Library

I found my library card a couple days ago.

I hadn’t really missed it.

In fact, I think I’ve been to the library a grand total of three times since I moved here. (Disclaimer: I’ve been to other libraries, that statement covers only the building closest to my current home.)

This morning I kind of woke up to the thought.

When I was growing up, all the way up to moving out, I was a staple visitor to our local library. I got my library number probably before I went to school and always wanted to borrow more books than my teacher would have allowed when we visited from school.

We had a library bus visit our school when we were on first grade, and years later the driver (who also worked the desk at the branch) told my aunt I must have read half of the books there. That’s not true, but I did read a lot. I read everywhere and I wasn’t too discriminant on what I read.

So why did I stop going when I moved out?

It’s easy to pose that question, but much harder to give a concise answer.

Library system in Finland is free to use for everyone. Some services like copying and such may cost, but to borrow books you just need to get a card. Most cards work at more than one library (the one I found for example covers the whole Helsinki metropolitan area) and have all sorts of internet services attached (renewing loans, ordering distant loans and so on).

The system is great and many people use it actively. Over time, libraries have started to offer all sorts of other things than books and magazines and research.

And that’s a bit of what bothers me with my local library here. There’s no library atmosphere. It’s nice youth likes to hang out in the library, but it kinda ruined the place for me. I may sound like an old fart, but I really do like my libraries silent. I remember what it was like to be young and noisy, and that’s all cool.

But not in the library.

The other big no-no for me was the self-service. The machine was cumbersome and when returning the books I felt I was manhandling them pushing them through the slot when I could hear them falling every which way on the other side. At my old library one checks out at the desk with the clerk and returns the books to the desk to the clerk. Only dropping happens if you return after-hours, and I never did that for the above-mentioned reason. Try returning to the desk here and the lady looks at you like you’ve grown an extra head.

The third issue is the selection. At home, I could be sure to always find something to strike my fancy or an old favorite, or even the research for some school project. Over here, I had trouble finding anything interesting – despite professing to be omnivorous with books I rarely venture to war/espionage fiction of which there were aplenty. There were even none of the books I liked back home (some older books that have the number cards still show my number 5-6 times back home, and yes I’ve checked).

I guess I would need to make a distant loan from some other library or make my way to a different branch to find something more to my tastes. And that removes the joy of finding a book just by wandering between the shelves. That would also add to the hassle, as I’d need to make the reservation, keep an eye on when the books come around and go pick them up. With my old job, that would have been nightmarish.

Back when I had just moved here and was pretty lost, I had hoped to find something familiar. I guess the experience was so far from what I knew and loved I pushed it away.
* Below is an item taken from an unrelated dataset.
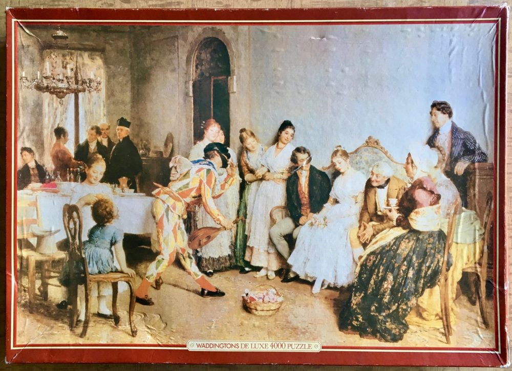 Waddingtons manufactured this beautiful puzzle in 1983, so it has been out of catalog for more almost 35 years now. For that reason, it is very difficult to find one copy in like new condition. The title is The Wedding Breakfast, by Eugene de Blaas.

The building itself is very pretty, light and airy. But somehow the staff didn’t seem that helpful to me the few times I went there and it is just rather noisy (and not all is from the teenagers – that place must have lousy acoustics).
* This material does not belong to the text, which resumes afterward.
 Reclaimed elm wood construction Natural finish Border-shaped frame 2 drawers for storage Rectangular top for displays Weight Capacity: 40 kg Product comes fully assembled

Even if my old branch had a magazine room and art exhibitions and always a plethora of school kids it was never so noisy as this one. Not even during the children’s reading hours they used to have (and may still do for all I know).

Somehow I doubt I’ll be going again.

It’s funny though, when I moved here and before that, I thought the area would have so many awesome libraries and so much interesting things to read in them. I would never have then believed how wrong I’d find myself.
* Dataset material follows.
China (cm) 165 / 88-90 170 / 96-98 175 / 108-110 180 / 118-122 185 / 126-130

Or rather, I’m sure the interesting libraries are somewhere there, but I have no idea where to start looking. And to be honest if the self-checkout/return system is in use everywhere I really don’t even want to go.


It is also rather true that at present I don’t particularly need to go to the library. I have too many books to read at home at present. Or not too many, but… you know, a lot.

But it’s still a shame I so disliked the place. I would have so wanted to love it.